Required work - Copy exactly and only the lines running from the one that contains "สูทเบลเซอร์ลำล" to the final line of the data below, without the pictures.

******

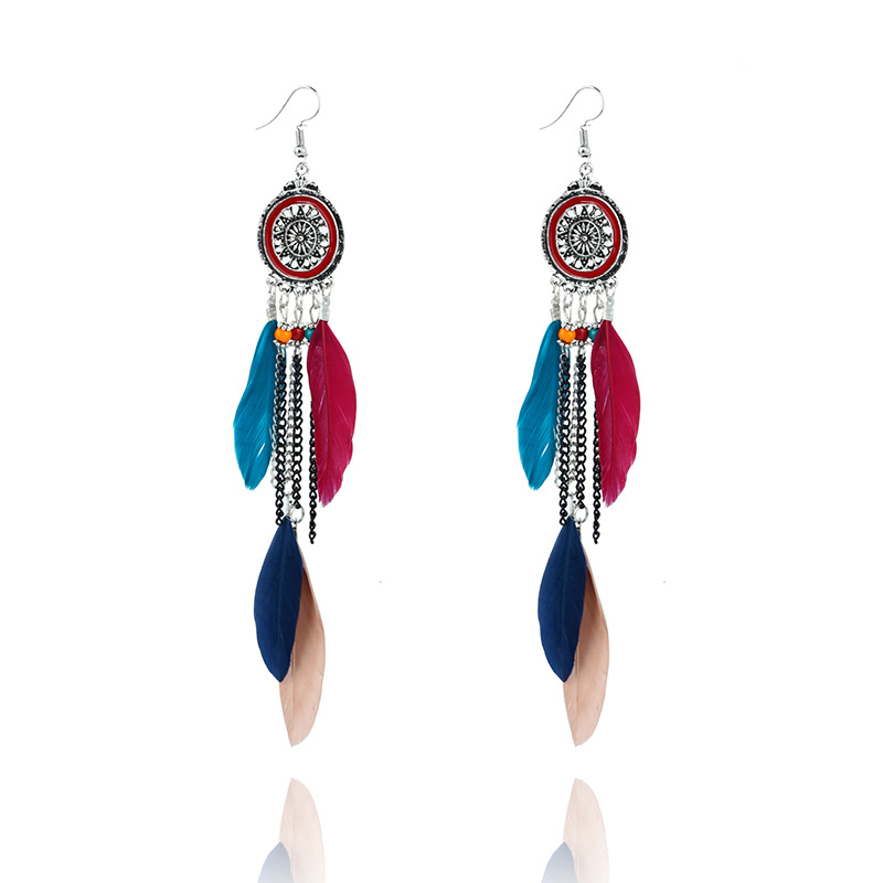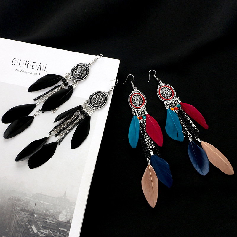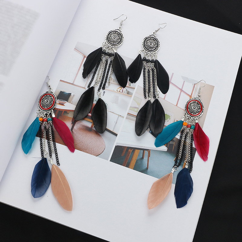 Women's long feather tassel earrings
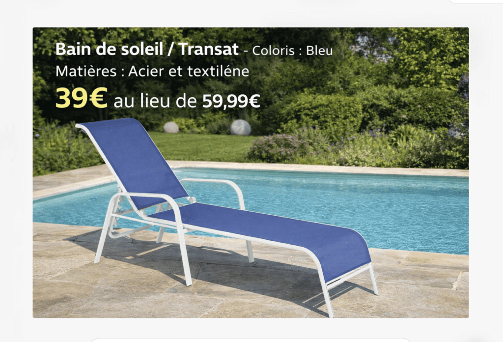 ✅ [NEUF] Bain de soleil / Transat – Coloris : Bleu – Matières : Acier et textilène
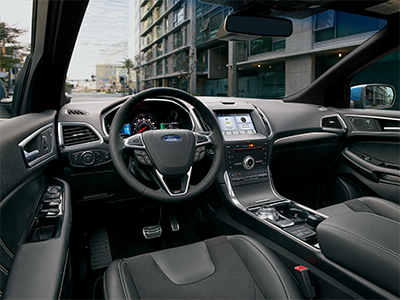 It's powered by a 2.7L V6 EcoBoost engine that delivers projected 335 horsepower and 380 lb.-ft. Of torque coupled with a finely tuned eight-speed transmission. The 2019 Edge ST has road-gripping all-wheel drive, a sport-tuned suspension and race-inspired paddle shifters. Its standard leather-trimmed seats include supportive bolsters that help anchor you in tight turns. Topping it off is a striking new grille with gloss black-painted mesh and prominent ST logo.
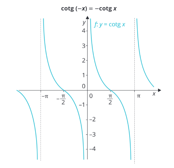 Grafem funkce kotangens je vlnitá křivka ze shora dolů a zároveň zleva doprava, to znamená, že její hodnoty stále klesají. Funkce kotangens je lichá a platí:
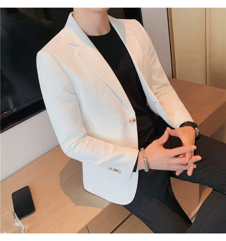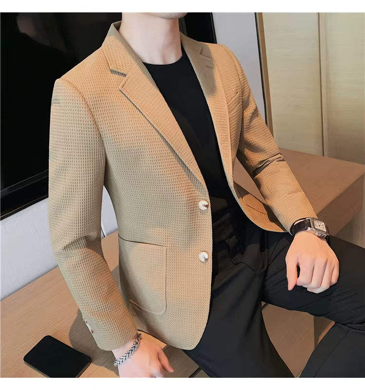 สูทเบลเซอร์ลำลองสลิมฟิตสำหรับผู้ชาย2025เสื้อโค้ทแนวสปอร์ตกระดุมแถวเดียวคอจีนพิมพ์ลายแนวธุรกิจ
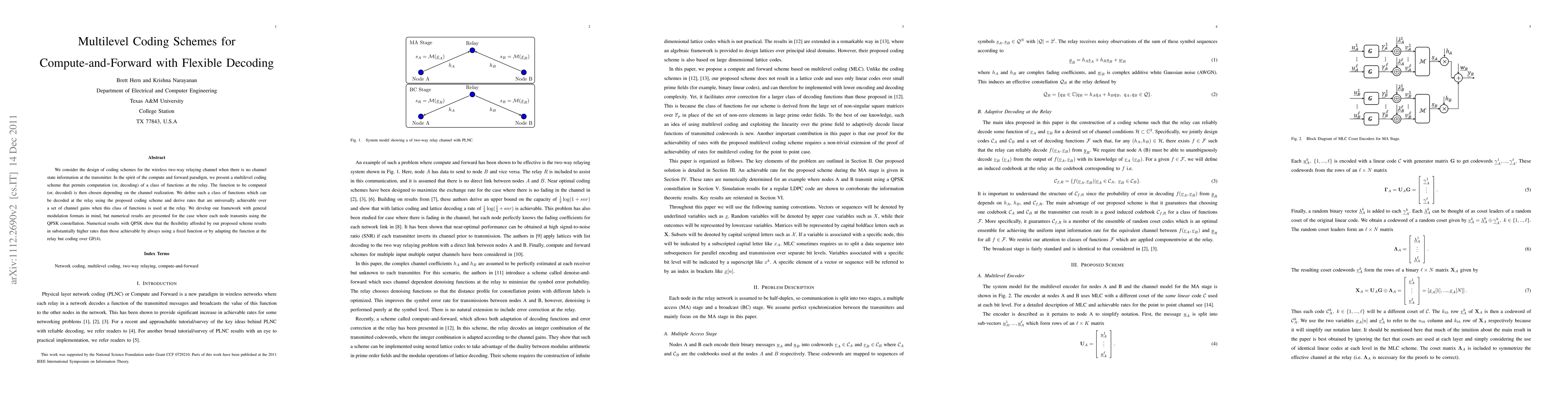 This paper proposes a multilevel coding scheme for the compute-and-forward paradigm in wireless two-way relaying without channel state information at the transmitter. The scheme allows flexible decoding of various functions at the relay, leading to higher achievable rates compared to fixed or adaptive function approaches.

******

Expected output -
 สูทเบลเซอร์ลำลองสลิมฟิตสำหรับผู้ชาย2025เสื้อโค้ทแนวสปอร์ตกระดุมแถวเดียวคอจีนพิมพ์ลายแนวธุรกิจ
 This paper proposes a multilevel coding scheme for the compute-and-forward paradigm in wireless two-way relaying without channel state information at the transmitter. The scheme allows flexible decoding of various functions at the relay, leading to higher achievable rates compared to fixed or adaptive function approaches.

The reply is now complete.